Well, here is something else that is nothing short of Amazin’. Tangible extrinsic rewards like bonuses or commissions, do not work when you need smart behaviors. In fact, research shows that the larger the monetary reward, the poorer the performance. This may sound counter intuitive. But, it is based in rigorous science and the findings have been replicated many times.
To qualify this point, financial incentives are fine if you need physical tasks performed harder or faster. But when the tasks are cognitive, cash incentives have an inverse impact on performance. Prominent psychologist, and principal contributor to this body of research, Edward Deci, theorizes that when intellectual work is controlled by an extrinsic reward, a sense of autonomy is undermined and that behavior is thwarted.
This research is captured by Daniel Pink, author of A Whole New Mind, in this ten minute video: http://www.youtube.com/watch?v=u6XAPnuFjJc
Yes, if Casey Stengel1 were alive today, he would surely label the fact that most sales organizations use rewards that do not work as truly Amazin’. To motivate smart behaviors businesses need to use intrinsic rewards that appeal to inherent human needs to be competent in what they do; to have autonomy to do it; and to have good relationships with leaders and co-workers. What is even more Amazin’, is that intrinsic rewards, not only work, they are free.
If any of you have an appetite to delve more deeply into the Amazin research that supports this post, please let me know. By the way, the New York Metropolitans are having yet another Amazin season trailing the league leaders by 23 games.
1 For readers who would like Casey’s insight into being a successful manager, here it is: “The secret to successful management is keeping the guys who hate you away from those who are undecided.”

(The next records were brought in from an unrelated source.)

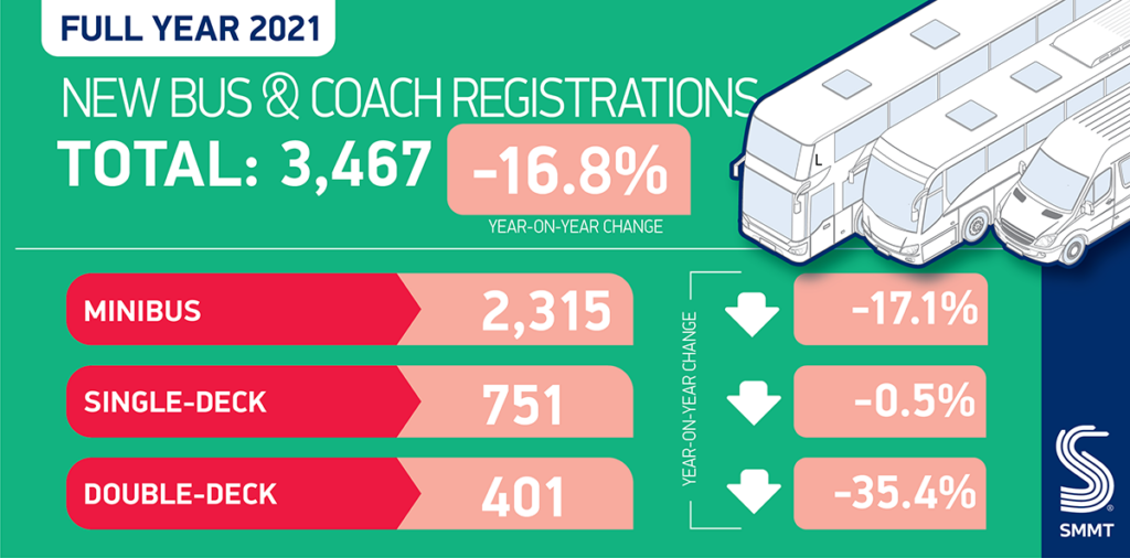 - Demand for new buses and coaches drops -16.8% in 2021, with only 3,467 vehicles joining UK roads.
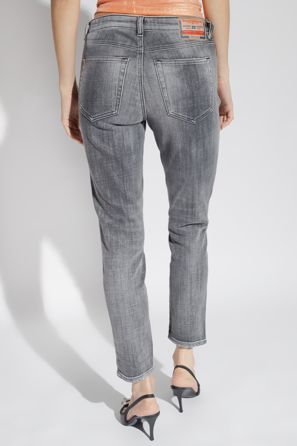 Grey '2015 BABHILA L.30' skinny jeans from Diesel. Emblazoned with logo patches on the front and back, this pair features tapered legs, a zip fly with a button, a vintage effect and classic five pockets.
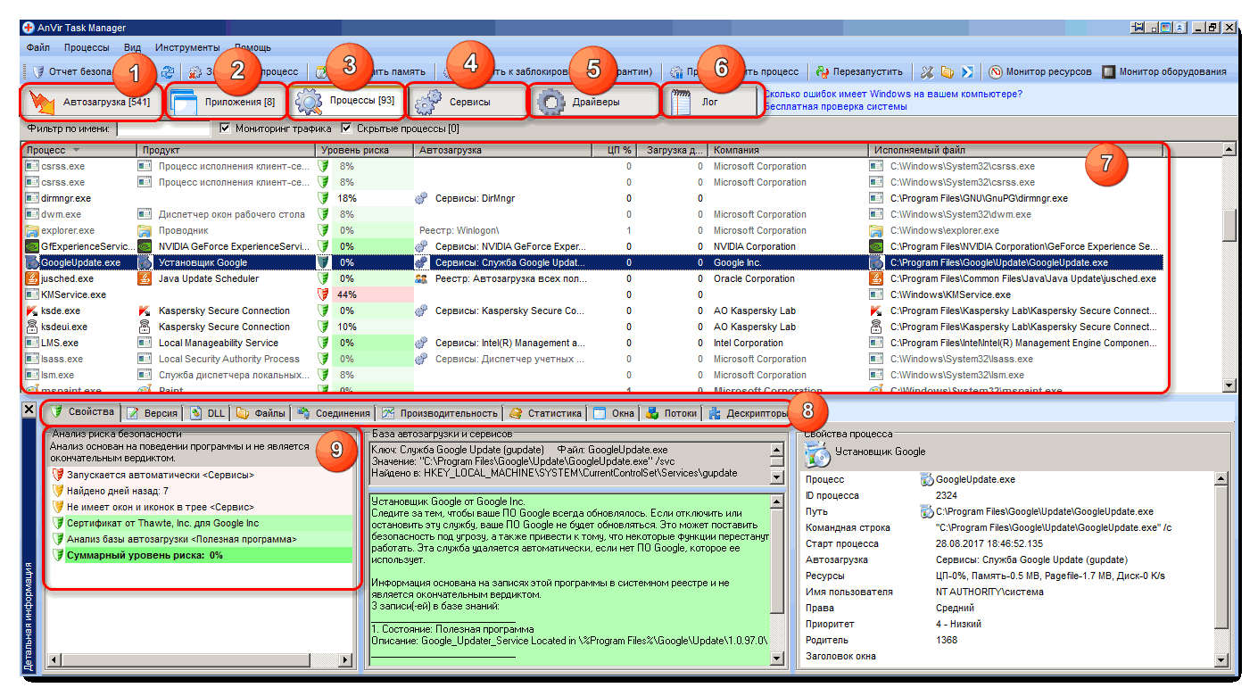 Далее, под цифрой 7 – основное окно с перечнем объектов, в данном случае – процессы (т.к. активна вкладка “Процессы”).
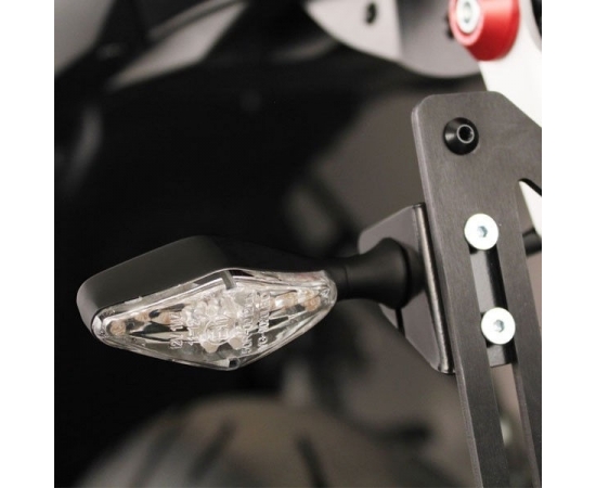 Universal 12V Led indicators arrow shaped short stem . Aluminum black body with amber hi-brightness Led, clear lens. Two resistors included E-marked - 2 pcs package
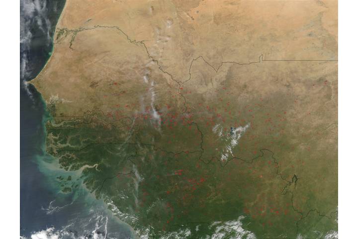 Fires in Western Africa (afternoon overpass) region: Af Senegal Gambia Guinea Mali Mauritania sat: Aqua projection: Plate Carree projection center lon: -12.2 image center lon: -12.2 image center lat: 13.5 UL lon: -17.6780 UL lat: 17.5469 LR lon: -6.7197 LR lat: 9.4530
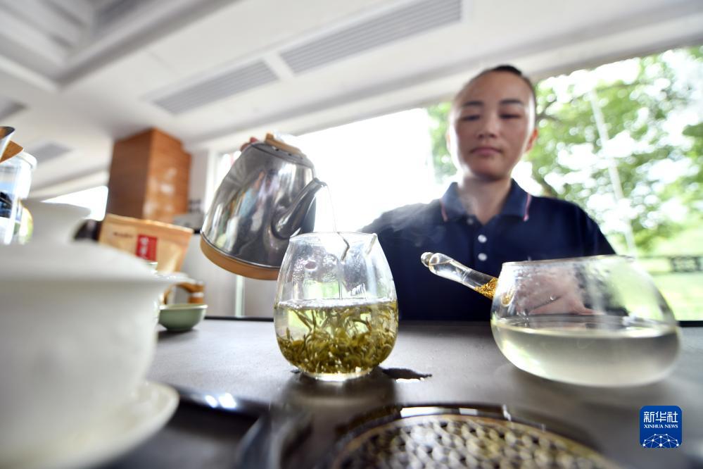 在融水苗族自治县融水镇新安村水融香茶园茶叶种植基地,茶艺师在向游客展示茶艺(8月9日摄)。
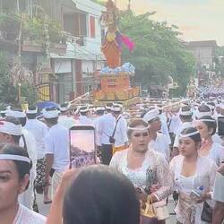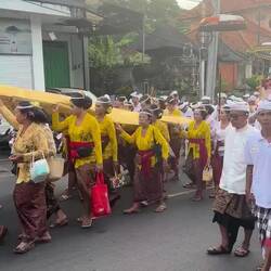 An diesem Tag ehren die balinesischen Hindus Dewi Saraswati, die Göttin des Wissens, der Künste, Musik und Weisheit. Überall auf der Insel, in Schulen, Bibliotheken, Tempeln und Privathäusern, werden den Büchern, Lontar-Manuskripten und Musikinstrumenten farbenfrohe Opfergaben dargebracht.

Amazing, indeed! But I wonder how Pink (and Alfie Kohn) would explain the singular focus of most investment bankers, hedge fund managers, and private equity specialists on financial rewards, even in the post-crisis era. In those rarified worlds, money is the primary way of keeping score, not just institutionally but personally. Pink’s comment that you have to pay people just enough to get them to move beyond a pre-occupation with money raises the question, “How much is enough?” I am reminded of a comment attributed to author Joseph Heller. While attending an over-the-top party thrown by a hedge fund manager in The Hamptons, Heller was asked by a colleague, “How does it make you fell to know that this guy makes more money in one day than you’ve made on all your books?” Heller replied, “Maybe, but I’ve got one thing he’ll never have – enough.”